現在アメリカ全土を揺るがしている「中絶の権利」。6月24日(現地時間)、最高裁判所が1973年の「ロー対ウェイド判決(中絶は憲法で認められた女性の権利だという判断)」を覆したことで、国内の約半数の州が中絶を厳しく制限するという見通しになっています。

国内の分断が深まっていくなかで、中絶が可能な州に移動して手術を受ける従業員に対し、旅費をサポートするとさまざまなアメリカ企業が相次いで表明。本記事では、従業員の中絶手術に関するサポートを行う企業を一部ピックアップします。

※7月5日執筆時のアメリカ国内での情報です。


rallies protesting the supreme court abortion opinion continue in la area
David McNew//Getty Images

アクセンチュア

アクセンチュアは、中絶が禁止されている州に住む従業員を支援するため、医療給付金の増額を決定。地元(居住地から160キロメートル以内)で提供されていない医療サービスを受けるための交通費や航空券、宿泊費まで、社員の旅費が援助されるそう。

バズフィード

中絶を禁止・制限している13州に居住する従業員に対し、安全な中絶を受けるために必要な旅費と費用を提供予定。また、この手続きは完全に機密扱いになると発表。

バンク・オブ・アメリカ

自社の自己保険医療保険プランに加入している従業員とその扶養家族のために、旅費払い戻しの対象となる医療行為のリストを拡大。このリストには、がん治療、卓越した施設での臓器移植、中絶を含む生殖医療、精神疾患による入院が含まれるようになったそう。

ザ ボディショップ

今回の判決の影響を受ける従業員へのサポートだけでなく、セルフケアのための場が必要な従業員や、ボランティアや地元の抗議活動に参加するための休暇を希望する人にも有給休暇を提供。

エスティローダー カンパニーズ

「ロー対ウェイド判決」が覆される可能性を見越して、2週間前から中絶を希望する人のための旅費と宿泊費を負担すると表明していた、エスティローダー。福利厚生の対象となるフルタイムおよびパートタイムの従業員に、個人的な健康上の決断を可能にする包括的な福利厚生の提供を発表。

今後は、自社の医療保険に加入している従業員とその扶養家族が医療のアクセスのために必要な旅行と宿泊を補償対象にするそう。

エクスペディアグループ

従業員が自分の住む州で提供されていない医療を求める場合、旅費を負担。

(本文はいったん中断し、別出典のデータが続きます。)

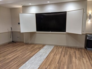 The First Floor was renovated in 2019 including the lobby, restrooms and Leslie Hall. Leslie Hall can seat up to 239 people and be subdivided with sound proof panels into 3 spaces. Each space has a new sound system and a large monitor or projector that can work independently or in unison if the room is not subdivided. Two sets of glass doors open to a Senior Garden behind the building offering outdoor space.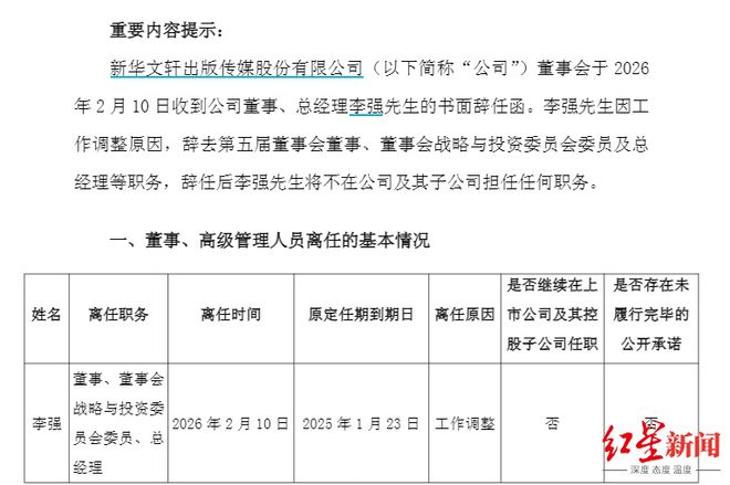 新华文轩(601811.SH)2月10日公告,公司董事会当天收到公司董事、总经理李强的书面辞任函。李强因工作调整原因,辞去第五届董事会董事、总经理等职务,辞任后李强将不在公司及其子公司担任任何职务。

機密保持のために、従業員は医療保険を通じてこの制度を利用し、旅費は制度提供者を通じて払い戻されるそう。

また従業員は、規定に従って休暇を取ることができ、理由を記入する必要はないとのこと。

H&M

パートタイムおよびフルタイムの従業員が中絶を禁止または制限している州に居住している場合、ほかの州でしか受けられない関連医療サービスの旅費と交通費をカバーすると発表。

JPモルガン・チェース・アンド・カンパニー

現在、臓器移植など特定のサービスを対象としている既存の医療旅行給付を、自宅から遠く離れた場所でしか受けられない、すべての対象医療サービスに拡大することを決定。

a protester holds a placard reading "united states, where a
SOPA Images//Getty Images

ナイキ

ナイキは、家族計画給付金に中絶を含めることを発表。避妊や中絶の補償から、不妊治療や代理出産、養子縁組などで、従業員をサポートすることを約束。

パタゴニア

パタゴニアのヘルスプランに加入している米国内の社員に対しては、中絶のための医療費を負担すると表明。

スターバックス

スターバックスの医療保険に加入している従業員に、中絶にアクセスするための医療旅行払い戻し給付金を提供。

ワーナー・ブラザース・ディスカバリー

中絶や生殖医療を受けるために移動が必要な従業員とその対象家族の交通費をカバー。